The float planes will also be helped a lot by the fact that P3D has full bathemetrics(sp?) as part of the software so if boats and subs work in it there's no reason why float planes shouldn't be considerably more accurate

 

It certainly is exciting.

 

I wonder if an aircraft carrier could be made to actually bob and weave with the sea? If so, I'd have to dust my wire-trapping skills off and hope someone releases a V2.0 carrier that takes advantage of it.
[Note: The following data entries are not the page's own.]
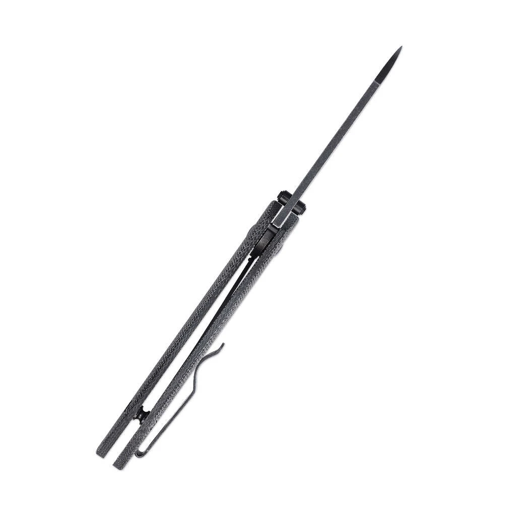 Die Klinge ist aus rostfreiem 154CM Stahl gefertigt. Sie öffnet sich mit einem Stift auf der Klinge und wird durch eine Linerlock-Sicherung in der offenen Position gehalten. Der einzelne Griff ist aus strapazierfähigem Micarta gefertigt. Am Ende des Griffs befindet sich ein Lanyard-Loch. Das Messer ist mit einem Clip zum Tragen in einer Tasche ausgestattet.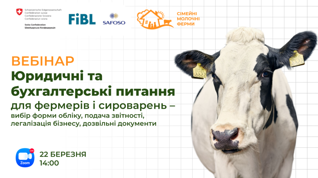 Другий онлайн-модуль «Юридичні та бухгалтерські питання для фермерів і сироварень – вибір форми обліку, подача звітності, легалізація бізнесу, дозвільні документи» відбудеться вже 22 березня 2026 року о 14.00.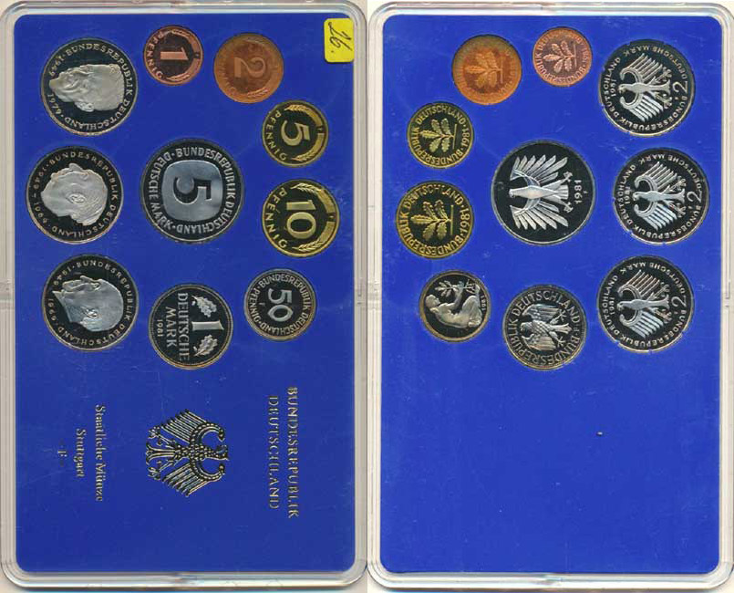 Ročníková sada mincí 1981 minc. F (1, 2, 5, 10, 50 Pf., 1, 5, 2 DM - Adenauer, Heuss, Schumacher) 10 ks v orig. plexi balení mincovny PS 61
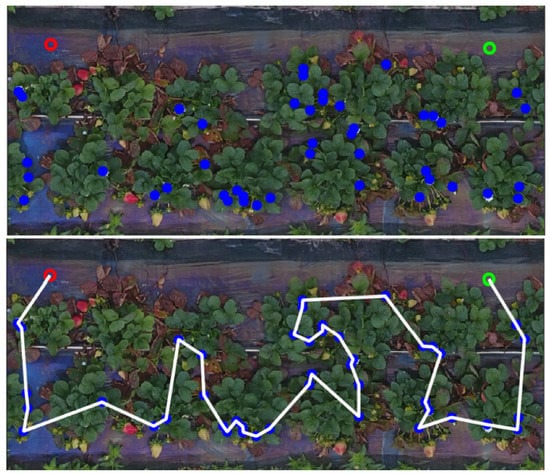 The path planning module seeks to solve the TSP associated with APS. The TSP in a classic sense is, given a list of cities, find the shortest route to pass through each city once and then return to the present location []. The parallel between the TSP and the APS path planning problem is clear. Instead of a list of cities, the agent, drone, or salesman is now attempting to pass through each flower location or waypoint once. Instead of returning to the original location, the agent now will seek to end at the other side of the row of strawberries or another crop.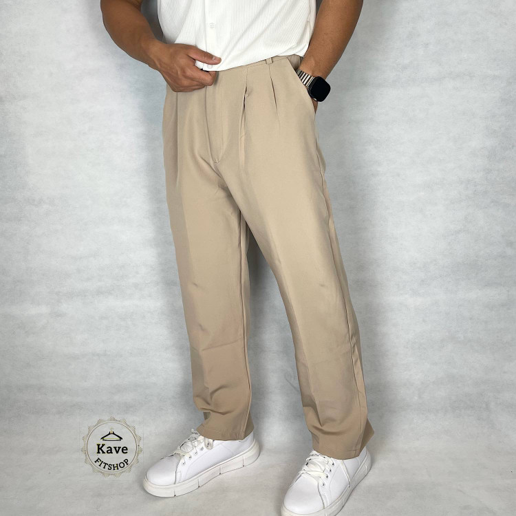 شلوار مردانه مدل کمر ایتالیایی کلاسیک بگ | کرم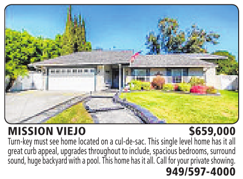 MISSION VIEJO $659,000 Turn-key must seehome locatedonacul-de-sac. This single level home hasitall great curb appeal,upgrades throughouttoinclude,spacious bedrooms,surround sound, huge backyard with apool. This home has it all. Call foryour private showing.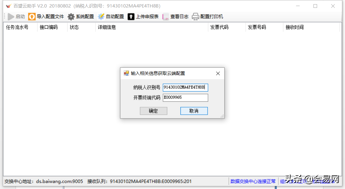 2、输入完税号和开票终端代码后,点击“确定”。如下图所示:

Philip Manhart  :American Flag:
 

13.jpg

- "Wise men talk because they have something to say; fools, because they have to say something." ~ Plato

 

 


there are problems that can crop up when you utilize tessellation to add detail rather than designing your mesh with higher polygon counts from the get-go but developers are dealing with those issues.

 

Agree, tessellation (micropolygon) can produce some odd texture mapping issues ...  really needs two texture sets to get the best look with tessellation ON vs. OFF.  If you look at the tessellation ON in that animated GIF you can see the stretching of the texture.  HSLS (Microsoft's) actually changes positions of vertices so the texture gets distorted (stretched) over the new geometry.

 

Obviously "new texture sets" are not required with DX11 Tessellation, but it might not look so good if used with all the existing FSX SP2 textures, or any 3rd party products that involve texture usage.  It'll be interesting to see how P3D V2.0 uses tessellation and just how much compatibility they retain.

 

But tessellation is very hard on GPUs (even when accelerated by hardware) ... it'll bring a Titan to it's knees even on relatively low resolutions 1920 x 1080 especially when combined with 4096 textures (which will work better with tessellation).  But that leads into my comment about multi-GPU support which is not going to be in V2.0 and might be in V2.1 -- tessellation and 4096 textures is going to require more than one GPU (yes even a Titan) to sustain moderate performance even at low resolutions.

 

I think P3D V2.0 will just give us a taste of potential, V2.1 will give us the ability to sustain high frame rates (at high levels of quality), and V3.0 will eventually get us 64bit ... just have to wait and see, but I'm hoping for a positive future for flight simulation.